Wednesday, March 21, 2012
Lessons From Nature: Spring Flowers
Sabina Pettitt from Pacific Essences, www.pacificessences.com identifies three flowers as being particularly significant of spring. They include Purple Crocus, Narcissus, and Windflower.
Yesterday's picture was of a Purple Crocus. These guys are defiantly a sign of spring around here and seem to often bloom in that transition when there is still snow on the ground but spring in the air. In her book "Energy Medicine: Healing from the Kingdom of Nature", Pettitt writes that Purple Crocus is a flower that can be used for resolving tension from grief and loss. The buds are deep purple, the colour of mourning and tightly folded inwards symbolizing the journey within that grief requires us to take. But when they open a wonderful yellow center is revealed symbolizing another part of us that embraces the experience of accessing a new inner part of ourselves as we shed that layer. Pettitt writes that Purple Crocus helps us respond to exactly who we are. It corresponds to our throat chakra helping us express ourselves and release our grief. Maybe the Purple Crocus can help me release the grief of missing snow days and embrace the wonder of springtime!

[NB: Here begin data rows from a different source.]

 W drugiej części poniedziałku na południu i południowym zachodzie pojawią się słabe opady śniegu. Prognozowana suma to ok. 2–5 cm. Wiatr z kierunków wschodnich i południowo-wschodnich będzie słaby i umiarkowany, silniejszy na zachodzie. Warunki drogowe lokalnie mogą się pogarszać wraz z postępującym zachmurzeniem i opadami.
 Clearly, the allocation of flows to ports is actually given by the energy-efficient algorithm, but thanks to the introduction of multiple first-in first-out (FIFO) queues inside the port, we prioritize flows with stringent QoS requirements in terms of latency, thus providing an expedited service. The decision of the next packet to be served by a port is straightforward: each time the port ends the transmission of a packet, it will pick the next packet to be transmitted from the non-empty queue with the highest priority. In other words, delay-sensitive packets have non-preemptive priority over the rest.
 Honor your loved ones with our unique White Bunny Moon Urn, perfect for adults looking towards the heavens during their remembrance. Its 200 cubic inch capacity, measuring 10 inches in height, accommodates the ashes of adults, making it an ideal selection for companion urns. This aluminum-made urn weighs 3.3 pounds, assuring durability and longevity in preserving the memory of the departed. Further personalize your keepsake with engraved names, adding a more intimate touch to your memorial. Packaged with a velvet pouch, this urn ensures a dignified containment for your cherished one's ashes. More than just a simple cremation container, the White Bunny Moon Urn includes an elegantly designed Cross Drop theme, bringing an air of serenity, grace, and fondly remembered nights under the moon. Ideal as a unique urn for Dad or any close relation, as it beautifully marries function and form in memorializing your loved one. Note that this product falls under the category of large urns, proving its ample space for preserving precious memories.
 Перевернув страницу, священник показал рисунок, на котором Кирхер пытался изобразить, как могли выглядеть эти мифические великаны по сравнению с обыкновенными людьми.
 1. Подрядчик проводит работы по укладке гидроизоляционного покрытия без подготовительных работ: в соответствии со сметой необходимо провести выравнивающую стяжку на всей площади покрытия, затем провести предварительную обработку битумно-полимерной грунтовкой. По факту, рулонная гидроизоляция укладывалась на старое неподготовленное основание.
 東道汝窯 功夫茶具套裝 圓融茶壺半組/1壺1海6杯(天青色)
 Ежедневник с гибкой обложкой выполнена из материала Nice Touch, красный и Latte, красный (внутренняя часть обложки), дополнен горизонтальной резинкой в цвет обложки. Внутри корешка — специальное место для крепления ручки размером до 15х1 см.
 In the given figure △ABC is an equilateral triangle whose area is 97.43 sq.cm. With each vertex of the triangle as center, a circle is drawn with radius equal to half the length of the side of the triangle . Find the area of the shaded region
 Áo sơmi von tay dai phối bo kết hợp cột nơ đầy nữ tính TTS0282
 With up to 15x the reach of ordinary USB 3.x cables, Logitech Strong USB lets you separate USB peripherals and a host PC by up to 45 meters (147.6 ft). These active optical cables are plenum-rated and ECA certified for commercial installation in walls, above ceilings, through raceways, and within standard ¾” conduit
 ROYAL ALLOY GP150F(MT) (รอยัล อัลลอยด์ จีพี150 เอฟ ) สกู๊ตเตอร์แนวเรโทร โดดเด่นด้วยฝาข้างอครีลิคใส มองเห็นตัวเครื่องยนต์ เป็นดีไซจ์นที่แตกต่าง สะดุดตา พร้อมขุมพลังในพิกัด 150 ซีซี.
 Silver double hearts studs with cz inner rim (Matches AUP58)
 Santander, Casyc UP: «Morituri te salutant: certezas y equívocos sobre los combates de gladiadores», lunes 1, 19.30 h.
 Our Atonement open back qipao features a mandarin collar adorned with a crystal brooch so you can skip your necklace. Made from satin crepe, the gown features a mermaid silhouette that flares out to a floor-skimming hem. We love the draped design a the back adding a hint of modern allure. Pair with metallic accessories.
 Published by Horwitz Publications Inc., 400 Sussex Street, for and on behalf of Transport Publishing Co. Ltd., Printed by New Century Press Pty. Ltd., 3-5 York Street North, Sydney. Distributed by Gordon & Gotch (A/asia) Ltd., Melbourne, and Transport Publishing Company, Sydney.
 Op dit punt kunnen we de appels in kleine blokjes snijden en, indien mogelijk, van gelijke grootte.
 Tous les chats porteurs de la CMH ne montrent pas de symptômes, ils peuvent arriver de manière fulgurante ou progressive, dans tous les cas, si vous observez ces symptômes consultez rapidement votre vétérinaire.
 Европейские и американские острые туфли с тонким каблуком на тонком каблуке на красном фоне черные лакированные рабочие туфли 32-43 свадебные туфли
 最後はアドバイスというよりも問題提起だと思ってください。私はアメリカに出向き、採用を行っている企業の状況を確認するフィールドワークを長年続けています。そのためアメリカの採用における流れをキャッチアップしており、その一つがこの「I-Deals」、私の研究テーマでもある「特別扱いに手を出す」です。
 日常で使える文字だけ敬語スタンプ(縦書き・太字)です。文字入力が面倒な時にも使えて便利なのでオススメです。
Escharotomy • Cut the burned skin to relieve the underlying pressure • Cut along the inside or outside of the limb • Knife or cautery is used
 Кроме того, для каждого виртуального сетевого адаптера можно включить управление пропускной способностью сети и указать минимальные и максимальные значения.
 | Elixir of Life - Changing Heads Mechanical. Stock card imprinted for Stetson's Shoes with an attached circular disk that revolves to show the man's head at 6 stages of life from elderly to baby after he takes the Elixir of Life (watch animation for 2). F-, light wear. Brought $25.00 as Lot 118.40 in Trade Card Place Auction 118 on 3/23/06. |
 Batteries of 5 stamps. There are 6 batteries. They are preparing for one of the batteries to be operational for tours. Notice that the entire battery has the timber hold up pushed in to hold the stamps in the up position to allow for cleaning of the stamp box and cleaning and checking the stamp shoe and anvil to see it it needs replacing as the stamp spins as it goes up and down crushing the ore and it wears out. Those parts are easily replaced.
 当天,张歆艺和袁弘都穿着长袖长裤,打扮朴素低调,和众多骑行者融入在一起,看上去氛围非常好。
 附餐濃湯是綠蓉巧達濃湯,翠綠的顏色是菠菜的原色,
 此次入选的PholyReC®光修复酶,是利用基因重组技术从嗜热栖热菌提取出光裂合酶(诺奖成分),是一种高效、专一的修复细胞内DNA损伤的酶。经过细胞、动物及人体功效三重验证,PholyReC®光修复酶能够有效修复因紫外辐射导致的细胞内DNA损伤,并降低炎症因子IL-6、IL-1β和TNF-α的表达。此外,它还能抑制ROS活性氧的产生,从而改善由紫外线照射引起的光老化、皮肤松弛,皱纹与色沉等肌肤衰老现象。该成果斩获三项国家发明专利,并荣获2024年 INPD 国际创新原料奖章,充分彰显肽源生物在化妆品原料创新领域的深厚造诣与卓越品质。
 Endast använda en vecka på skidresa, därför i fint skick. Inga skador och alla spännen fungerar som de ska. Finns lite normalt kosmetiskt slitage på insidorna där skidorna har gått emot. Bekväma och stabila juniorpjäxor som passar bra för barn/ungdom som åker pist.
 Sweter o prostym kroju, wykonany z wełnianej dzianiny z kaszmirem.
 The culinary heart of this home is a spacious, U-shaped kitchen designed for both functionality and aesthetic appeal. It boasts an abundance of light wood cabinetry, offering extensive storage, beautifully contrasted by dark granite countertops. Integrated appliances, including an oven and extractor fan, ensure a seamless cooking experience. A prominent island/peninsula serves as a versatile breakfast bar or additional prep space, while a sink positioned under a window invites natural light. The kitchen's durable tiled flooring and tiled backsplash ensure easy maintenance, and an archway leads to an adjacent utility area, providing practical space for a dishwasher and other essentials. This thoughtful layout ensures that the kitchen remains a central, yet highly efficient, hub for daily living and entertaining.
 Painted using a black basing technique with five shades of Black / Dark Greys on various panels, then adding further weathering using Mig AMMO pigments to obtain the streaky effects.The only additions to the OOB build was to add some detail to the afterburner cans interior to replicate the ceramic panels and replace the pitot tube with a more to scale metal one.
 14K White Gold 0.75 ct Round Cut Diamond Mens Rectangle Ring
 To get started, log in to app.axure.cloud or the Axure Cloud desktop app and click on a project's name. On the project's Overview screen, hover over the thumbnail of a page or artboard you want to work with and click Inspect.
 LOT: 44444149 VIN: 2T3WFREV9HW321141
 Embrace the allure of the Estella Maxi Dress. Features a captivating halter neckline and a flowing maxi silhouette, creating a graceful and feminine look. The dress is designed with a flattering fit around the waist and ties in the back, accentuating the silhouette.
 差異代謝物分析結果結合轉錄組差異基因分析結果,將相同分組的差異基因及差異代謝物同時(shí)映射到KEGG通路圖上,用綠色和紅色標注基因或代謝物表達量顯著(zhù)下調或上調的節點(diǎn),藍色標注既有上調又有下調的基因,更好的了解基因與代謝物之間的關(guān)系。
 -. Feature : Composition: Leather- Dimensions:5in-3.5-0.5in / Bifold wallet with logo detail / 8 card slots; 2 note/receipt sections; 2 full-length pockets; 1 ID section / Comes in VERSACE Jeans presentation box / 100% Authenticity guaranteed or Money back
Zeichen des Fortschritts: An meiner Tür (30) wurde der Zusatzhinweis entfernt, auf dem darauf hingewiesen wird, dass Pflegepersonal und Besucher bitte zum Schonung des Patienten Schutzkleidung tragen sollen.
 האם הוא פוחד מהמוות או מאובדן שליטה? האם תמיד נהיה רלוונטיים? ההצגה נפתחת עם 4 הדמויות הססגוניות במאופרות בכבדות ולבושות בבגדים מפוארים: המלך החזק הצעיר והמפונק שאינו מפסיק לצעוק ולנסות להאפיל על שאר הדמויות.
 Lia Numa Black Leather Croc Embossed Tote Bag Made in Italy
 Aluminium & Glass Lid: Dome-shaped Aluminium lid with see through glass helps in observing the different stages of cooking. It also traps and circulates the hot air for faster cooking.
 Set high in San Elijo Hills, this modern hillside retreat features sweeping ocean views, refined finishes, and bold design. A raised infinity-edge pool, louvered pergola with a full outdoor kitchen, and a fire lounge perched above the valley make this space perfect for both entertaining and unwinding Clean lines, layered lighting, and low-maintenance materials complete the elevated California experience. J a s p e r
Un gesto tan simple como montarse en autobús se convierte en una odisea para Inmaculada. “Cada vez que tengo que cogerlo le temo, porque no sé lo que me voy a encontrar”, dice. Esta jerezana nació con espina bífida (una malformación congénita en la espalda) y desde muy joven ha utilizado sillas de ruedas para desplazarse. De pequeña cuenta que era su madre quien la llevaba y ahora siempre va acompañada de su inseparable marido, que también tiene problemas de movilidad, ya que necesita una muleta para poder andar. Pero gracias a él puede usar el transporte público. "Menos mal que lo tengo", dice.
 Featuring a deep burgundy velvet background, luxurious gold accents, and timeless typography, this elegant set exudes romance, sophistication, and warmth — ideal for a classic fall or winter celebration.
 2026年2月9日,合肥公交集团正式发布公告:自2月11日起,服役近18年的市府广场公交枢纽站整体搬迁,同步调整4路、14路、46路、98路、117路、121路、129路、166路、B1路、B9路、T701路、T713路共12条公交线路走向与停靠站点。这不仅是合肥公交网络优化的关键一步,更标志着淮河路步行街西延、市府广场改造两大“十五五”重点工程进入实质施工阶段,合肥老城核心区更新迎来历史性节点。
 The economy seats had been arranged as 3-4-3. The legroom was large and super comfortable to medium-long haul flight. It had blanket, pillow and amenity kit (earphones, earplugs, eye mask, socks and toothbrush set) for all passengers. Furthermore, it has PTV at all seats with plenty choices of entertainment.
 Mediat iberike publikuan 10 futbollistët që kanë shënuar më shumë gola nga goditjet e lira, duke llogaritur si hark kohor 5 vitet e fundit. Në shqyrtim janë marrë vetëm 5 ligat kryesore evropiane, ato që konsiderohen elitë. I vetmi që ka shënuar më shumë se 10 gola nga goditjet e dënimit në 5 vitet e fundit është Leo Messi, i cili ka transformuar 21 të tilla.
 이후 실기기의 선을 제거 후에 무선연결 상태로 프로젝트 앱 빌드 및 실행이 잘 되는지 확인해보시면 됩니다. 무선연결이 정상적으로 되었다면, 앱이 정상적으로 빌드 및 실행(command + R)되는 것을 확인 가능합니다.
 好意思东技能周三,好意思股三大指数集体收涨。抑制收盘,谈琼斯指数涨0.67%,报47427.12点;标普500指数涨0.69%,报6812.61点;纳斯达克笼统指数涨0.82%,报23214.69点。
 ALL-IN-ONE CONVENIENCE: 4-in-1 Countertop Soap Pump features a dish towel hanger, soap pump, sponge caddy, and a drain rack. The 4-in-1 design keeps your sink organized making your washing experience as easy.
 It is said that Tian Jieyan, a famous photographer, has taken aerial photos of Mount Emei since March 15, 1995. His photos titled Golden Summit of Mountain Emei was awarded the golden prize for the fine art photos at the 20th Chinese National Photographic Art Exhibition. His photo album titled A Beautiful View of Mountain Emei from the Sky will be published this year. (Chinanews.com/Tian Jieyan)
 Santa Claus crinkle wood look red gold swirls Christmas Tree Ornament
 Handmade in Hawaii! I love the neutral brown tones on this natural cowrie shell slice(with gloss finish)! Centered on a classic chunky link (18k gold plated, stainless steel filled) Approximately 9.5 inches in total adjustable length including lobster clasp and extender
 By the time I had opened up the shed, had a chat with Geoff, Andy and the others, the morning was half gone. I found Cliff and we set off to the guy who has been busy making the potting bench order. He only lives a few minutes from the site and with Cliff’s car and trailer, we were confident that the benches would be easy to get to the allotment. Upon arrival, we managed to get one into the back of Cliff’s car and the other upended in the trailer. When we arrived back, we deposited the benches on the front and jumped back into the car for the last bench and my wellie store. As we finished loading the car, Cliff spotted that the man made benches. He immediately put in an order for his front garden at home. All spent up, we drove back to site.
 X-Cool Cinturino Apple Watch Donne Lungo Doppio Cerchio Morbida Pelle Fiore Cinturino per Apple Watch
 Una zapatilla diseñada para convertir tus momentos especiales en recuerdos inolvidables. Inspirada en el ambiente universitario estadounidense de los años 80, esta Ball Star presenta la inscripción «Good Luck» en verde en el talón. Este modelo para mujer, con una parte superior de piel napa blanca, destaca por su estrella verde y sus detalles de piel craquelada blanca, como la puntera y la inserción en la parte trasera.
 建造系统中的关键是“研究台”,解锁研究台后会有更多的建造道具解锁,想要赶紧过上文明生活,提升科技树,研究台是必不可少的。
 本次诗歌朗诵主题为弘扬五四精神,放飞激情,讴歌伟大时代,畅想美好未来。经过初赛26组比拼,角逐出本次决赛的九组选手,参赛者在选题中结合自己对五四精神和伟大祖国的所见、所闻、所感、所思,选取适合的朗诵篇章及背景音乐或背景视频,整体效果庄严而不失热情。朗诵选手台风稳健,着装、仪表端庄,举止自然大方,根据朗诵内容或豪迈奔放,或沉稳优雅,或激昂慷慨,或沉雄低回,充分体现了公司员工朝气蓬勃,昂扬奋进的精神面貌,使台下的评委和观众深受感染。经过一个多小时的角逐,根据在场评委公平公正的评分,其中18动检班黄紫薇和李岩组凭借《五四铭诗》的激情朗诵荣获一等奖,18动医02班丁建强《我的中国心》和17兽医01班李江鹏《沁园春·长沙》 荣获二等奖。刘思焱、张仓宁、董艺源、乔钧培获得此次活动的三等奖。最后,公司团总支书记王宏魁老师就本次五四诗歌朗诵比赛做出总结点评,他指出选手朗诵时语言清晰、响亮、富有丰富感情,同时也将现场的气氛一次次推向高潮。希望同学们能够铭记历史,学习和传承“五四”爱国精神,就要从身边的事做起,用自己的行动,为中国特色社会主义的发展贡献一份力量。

Today's picture is the Narcissus, usually the flower I see closely behind the crocus and another clear sign of spring. Pettitt lists this as one of the "spring flowers". Pettitt writes the Narcissus is the "slayer of internal dragons". It has a calming influence when it seems like life experiences are providing a cycle of challenges. The Narcissus is closely linked to the stomach and that feeling of being "unsettled" when little butterflies of fear may be disrupting peaceful flow. The Narcissus sends a message to allow our thoughts and emotions to digest and flow freely rather than getting stuck and disturbing our mind. The Narcissus resonates with the Root chakra. It can help us feel grounded when our thoughts stray to dreamland or threaten to overwhelm us with the "to do" list. It reminds us that the spring sunshine is meant to nourish us gently and nurture us as we come of the cave.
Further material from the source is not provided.